Blockchain is Watching You: Profiling and Deanonymizing Ethereum Users (2005.14051v2)

Published 28 May 2020 in cs.CR and cs.CY

Abstract: Ethereum is the largest public blockchain by usage. It applies an account-based model, which is inferior to Bitcoin's unspent transaction output model from a privacy perspective. Due to its privacy shortcomings, recently several privacy-enhancing overlays have been deployed on Ethereum, such as non-custodial, trustless coin mixers and confidential transactions. In our privacy analysis of Ethereum's account-based model, we describe several patterns that characterize only a limited set of users and successfully apply these quasi-identifiers in address deanonymization tasks. Using Ethereum Name Service identifiers as ground truth information, we quantitatively compare algorithms in recent branch of machine learning, the so-called graph representation learning, as well as time-of-day activity and transaction fee based user profiling techniques. As an application, we rigorously assess the privacy guarantees of the Tornado Cash coin mixer by discovering strong heuristics to link the mixing parties. To the best of our knowledge, we are the first to propose and implement Ethereum user profiling techniques based on quasi-identifiers. Finally, we describe a malicious value-fingerprinting attack, a variant of the Danaan-gift attack, applicable for the confidential transaction overlays on Ethereum. By incorporating user activity statistics from our data set, we estimate the success probability of such an attack.

Citations (67)

Summary

  • The paper identifies quasi-identifiers such as address reuse and transaction patterns to profile and deanonymize Ethereum users using graph representation learning techniques.
  • Applying graph representation learning methods like Diff2Vec and Role2Vec significantly enhances the effectiveness of Ethereum user deanonymization tasks.
  • Analysis reveals vulnerabilities in privacy tools like Tornado Cash and user behavior, proposing practical steps like randomized mixing and limiting address reuse to improve privacy.

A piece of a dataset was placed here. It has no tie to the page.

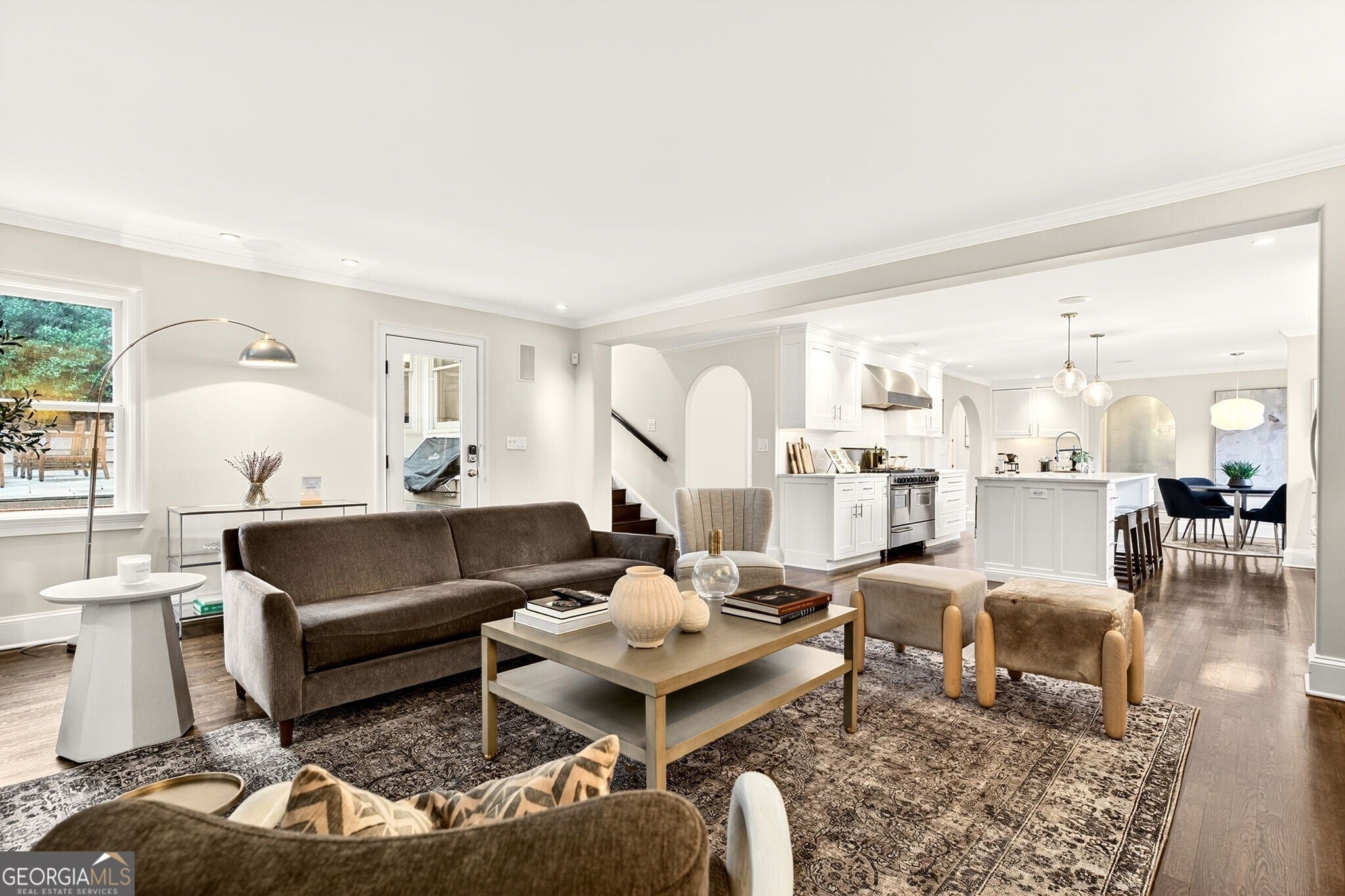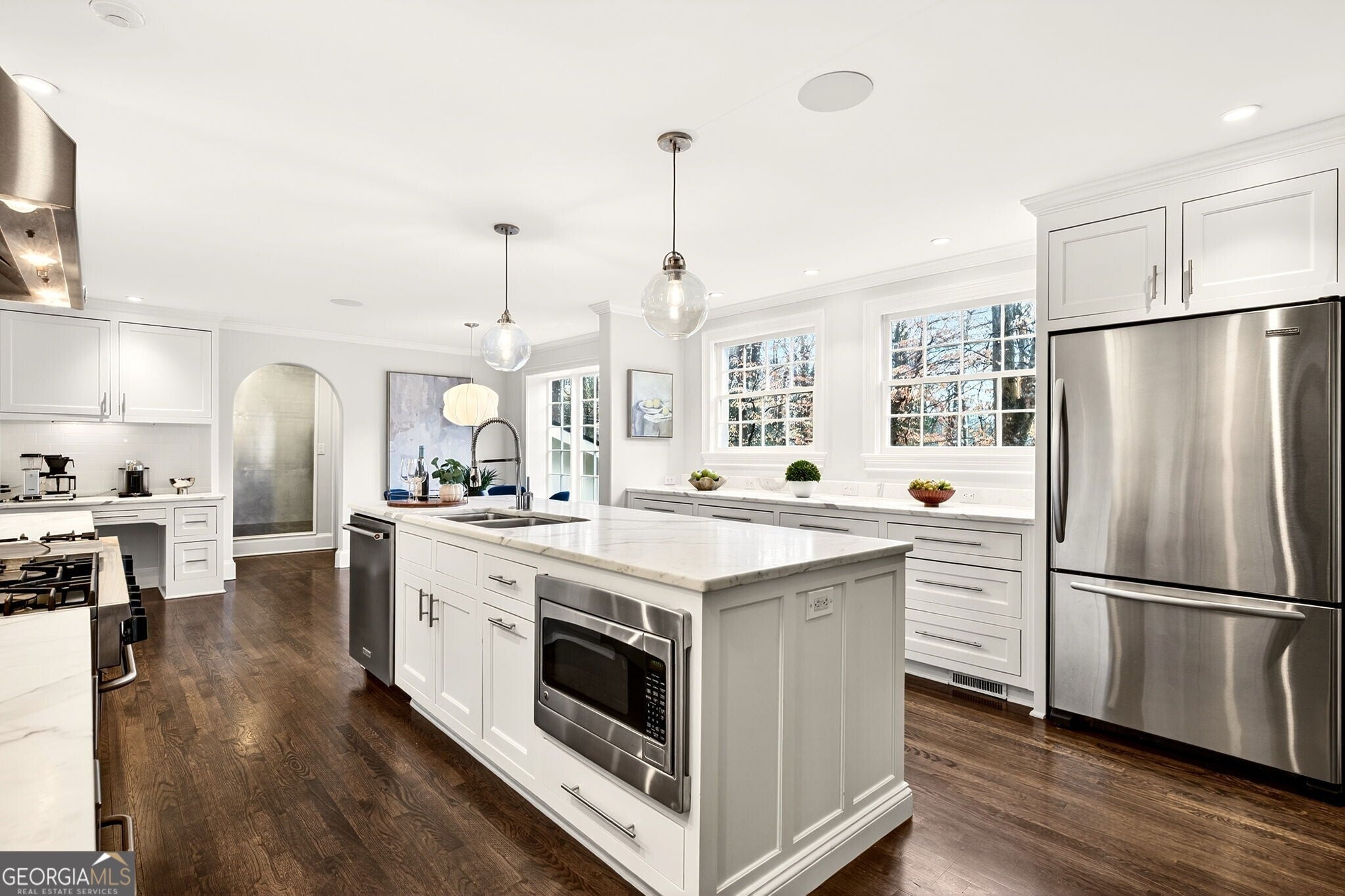 Morning walks to the trails. Summer concerts at the amphitheater. Dinner at the neighborhood's favorite restaurants just minutes from your front door. This is the lifestyle that defines one of Atlanta's most coveted addresses. Tucked into a beautifully wooded setting, this thoughtfully renovated residence blends timeless architecture with refined interiors and exceptional outdoor living. Inside, natural light fills the home, highlighting rich hardwood floors and elegant architectural details throughout. The home's flowing layout was designed for both effortless entertaining and comfortable daily living, with gracious spaces that feel open, warm, and inviting. At the center of the home, a beautifully appointed eat-in chef's kitchen features marble countertops, custom full-inset cabinetry, and top-tier stainless appliances. The generous island anchors the space and opens seamlessly to the family room, creating the natural gathering place for everyday living. Just beyond, French doors lead to an expansive screened porch that truly functions as an outdoor living room. With ample space for both lounging and dining, this inviting retreat features a soaring ceiling, recessed lighting and heaters for year-round comfort. Whether enjoying morning coffee, hosting dinner with friends, or relaxing with a glass of wine in the evening, the porch overlooks the lush backyard and creates the perfect extension of the home's living space. A formal dining room with a beautifully appointed butler's pantry provides the perfect setting for more formal occasions and opens to the inviting fireside living room. Upstairs, the primary suite offers a peaceful retreat, highlighted by vaulted ceilings with exposed beams and a dramatic wall of arched windows overlooking the serene backyard. The spa-like bath features marble finishes, a glass-enclosed shower, soaking tub, and custom vanity. Three additional bedrooms provide comfortable accommodations for family and guests, each filled with natural light and charming architectural character. The beautifully landscaped backyard featured on the 2010 Chastain Park Garden Tour unfolds into a private outdoor oasis with stone terraces, gathering areas, and a fire pit designed for memorable evenings with friends and family. A rare opportunity in the heart of Chastain Park: This impeccably renovated residence offers an unmatched blend of bespoke interior design and curated outdoor living.

An Analysis of Ethereum Privacy Mechanisms: Profiling and Deanonymizing Users

The paper "Blockchain is Watching You: Profiling and Deanonymizing Ethereum Users" addresses critical privacy concerns within the Ethereum blockchain ecosystem. Unlike Bitcoin's UTXO model, Ethereum follows an account-based model that presents inherent privacy limitations. These limitations necessitate a more in-depth exploration of how users can be profiled and potentially deanonymized. This work presents both empirical analysis and methodology in attempting to quantify and mitigate privacy risks for Ethereum users, specifically focusing on non-custodial mixing services and user behavior patterns.

Key Contributions

  1. Quasi-identifiers for Deanonymization: The authors identify quasi-identifiers for Ethereum users based on address reuse, time-of-day activity, transaction fees, and transaction graph analysis. Through these identifiers, the paper assesses the extent to which these patterns disclose user information and can be exploited for deanonymizing tasks.
  2. Graph Representation Learning: A significant portion of the processing involved the application of graph representation learning techniques. The paper is the first to quantitatively assess these machine learning algorithms within the Ethereum context, finding that methods like Diff2Vec and Role2Vec offer considerable enhancements in addressing deanonymization tasks.
  3. Privacy Evaluations of Tornado Cash: The paper evaluates the Tornado Cash coin mixer, which utilizes zkSNARKs to provide privacy for Ethereum users. While this tool is an attempt to address privacy issues, the authors identify vulnerabilities stemming from user behavior, such as insufficient randomness in mixing intervals and the reuse of withdrawal addresses.
  4. Proposed Ethereum Profiling Techniques: The methodology introduces various profiling techniques, including time-of-day and gas price modeling, which when used effectively can link Ethereum addresses back to a singular user. An empirical exploration of nearly 3300 Ethereum addresses highlighted the viability of these techniques.
  5. Danaan-Gift Attack as a Value Fingerprinting Strategy: By introducing a modified Danaan-gift attack application for Ethereum, the authors underscore the risk in confidential transaction overlays, allowing adversaries to track transaction trails despite privacy-enhancement tools, such as the AZTEC protocol.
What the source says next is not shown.